Jeff Howe subtitles his August 2008 book "Why the Power of the Crowd Is Driving the Future of Business", and from a business perspective I think Howe really understands the way the Internet is changing business. While I don't necessarily agree with all of Howe's point, the core principles described in Crowdsourcing are well articulated and there are probably few who understand this phenomenon much better than Howe himself.
Crowdsourcing is, in short, the practice of using a community (the crowd) of Internet-connected individuals to create value for your brand. There are a ton of examples, some of which Howe includes, others which he doesn't talk about. For anyone who has been on the 'Net for any period of time, particularly since they were young, there is something stupidly obvious about Howe's book. But Howe isn't writing for people my age or younger (I consider myself to be near the upper age limit of the so-called Digital Natives), he's writing for people just a bit older, who see what is happening, but find themselves unable to quantify (or perhaps entirely understand) what is going on with it.
Even for me, and I consider myself on the edge of these two worlds, since I was almost thirteen before we had the Internet (Dial-Up) at home. Sure, I'd been involved (at least on the edges) of the BBS scene before then, and I've been using computer's since I was five years old, but the idea of being always online and having fast connections still, on some level, amazes me.
Being able to see this issue from both sides, I enjoyed Howe's book. Did it amaze me? Not really, aside from some specific examples that I'd not heard of before, like Innocentive or iStockPhoto. Clearly, Crowdsourcing is powerful, and I see little reason to expect it to go away any time soon.

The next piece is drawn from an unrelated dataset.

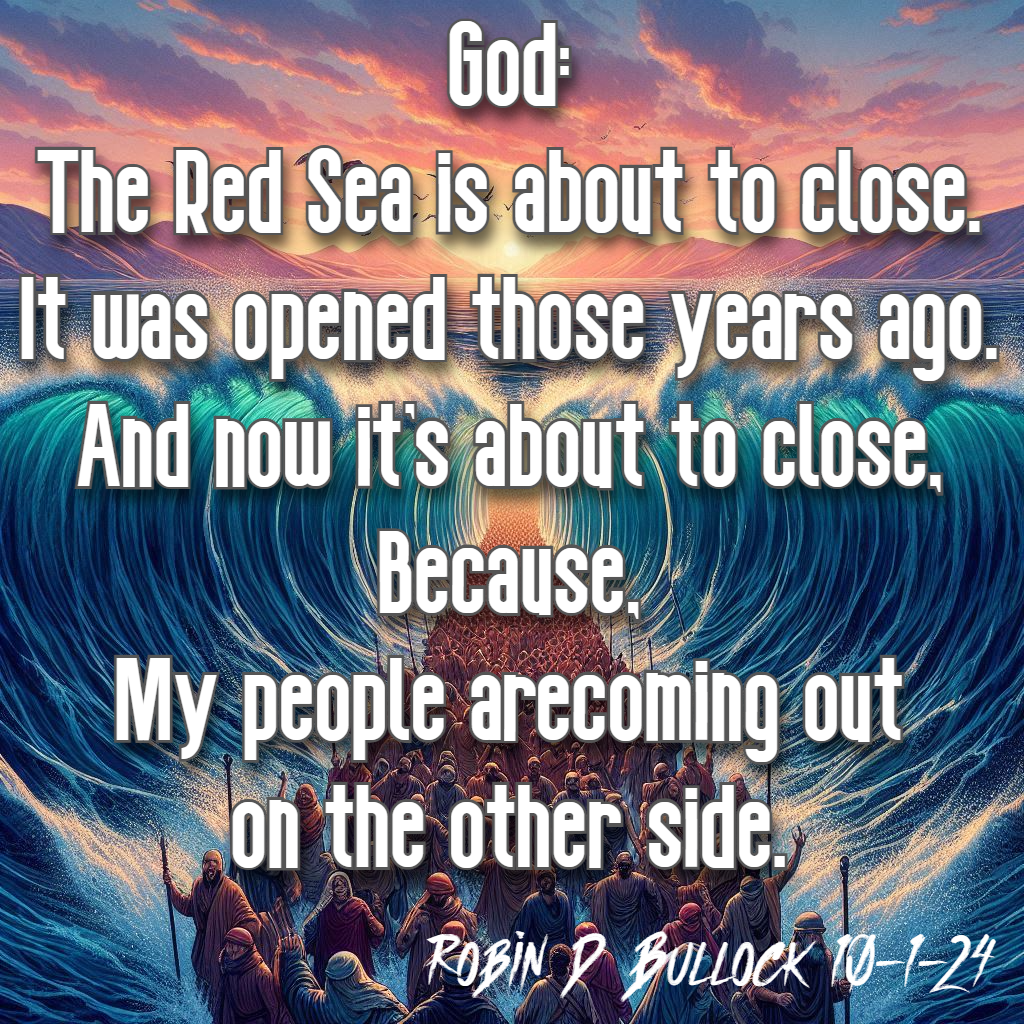 God: The Red Sea is about to close. It was opened those years ago. And now it’s about to close, because My people are coming out on the other side. (Robin D Bullock 10–1–24)

I will say, however, that if you expect this book to be a guide to building a business based on this phenomenon, don't expect any easy steps. Howe doesn't dance around the fact that Crowdsourcing business are hard to build because the crowd's interests can be hard to guage, some tasks are hard to break down into pieces the size necessary to make Crowdsourcing work.
Howe doesn't make the distinction, but I think it's important that to identify that Open Source and Crowdsourcing, while similar, are not really the same thing, at least in my opinion. To me crowdsourcing is more like iStockPhoto or NASA's Clickworker program. While a very active community can grow around them, the general contributions of the members tend to be very small. In Open Source, or at least the model inspired by Open Source, contributors tend to be more committed. Tend to work on projects longer. In my opinion, Wikipedia fits this model well, because most of the edits are made by a relatively small group of committers, just like in Open Source software development.
The world is changing, and no longer will business be able to present it's product in a take-it-or-leave-it fashion. Community and dialogue are central to the crowdsourcing movement, and even traditionally Business-to-Business companies will be deeply affected by this change. However, there is a lot of room for wealth to be generated, if only we can figure out how. Sure, most people are going to fail in this new market (but then, most people already fail in the current market), but the biggest successes, generate wealth within the community, not just from the community.